Senior Compliance Specialist - Quality Assurance

Compiles and reviews production history records for Finished Products. Ensures all documentation and data are present and complete. Coordinate product release with QA Supervisors, attend Product Release meetings and weekly production meetings for problem solving, scheduling and inventory purposes.
The candidate will be responsible for ensuring that product quality issues are identified as early as possible, and remedied through the corrective and preventive action system.
Perform tracking and trending activities on final product release on a monthly/quarterly basis.
Coordinate Finished Product review against Regulatory filings and CMC controls.
Ensure that the CAPA handling process of products is monitored, reported, and improved through involvement with site management, product changes, management review, and corrective and preventive action activity.
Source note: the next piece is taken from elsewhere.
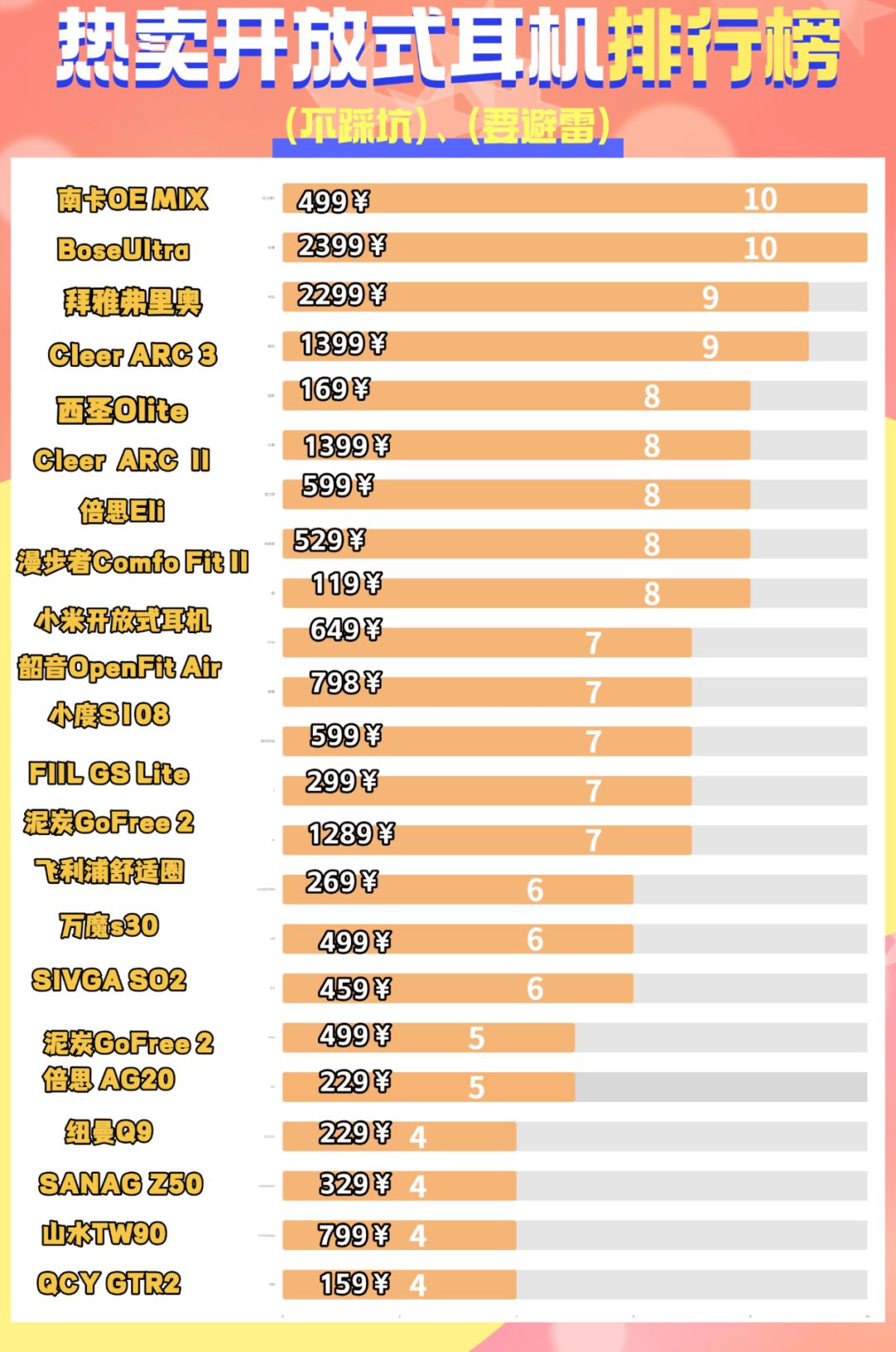 质量上,南卡团队花了1000多个日夜,跑遍多个国家、从3000多种材料和工艺技术的创新组合,选材用料直接对标高端国际奢侈大牌一个水准!耳机每一个生产环节都经过精密设计和严格测试,以保证耳机能够承受各种外部压力和冲击,具备超强“抗衰减性”设计,让耳机使用两年的情况下音质性能衰减不到5%,显著提高了耳机的耐用性和可靠性。Top2、骨聆 SS900 耳机参考价:¥958综合推荐星级:★★★★一句话推荐:微型骨传导振子具备IP68级防水,实为极限户外运动信赖之选。

Education/Experience Requirements: Bachelor?s Degree (B.S./B.A.) in a scientific discipline, along with 5-6 years industry experience in a compliance or regulatory related function (in the pharmaceutical or medical device industry).Knowledge of regulations and standards affecting Pharmaceuticals and Biologics and prior experience in GMP/GLP standards and guidance documents are desired. Strong technical background in regulated products, whether through Quality or Technical Product knowledge.Good project management skills are required and a working knowledge of statistical techniques. Incumbent needs to possess good presentation skills, excellent written and verbal skills.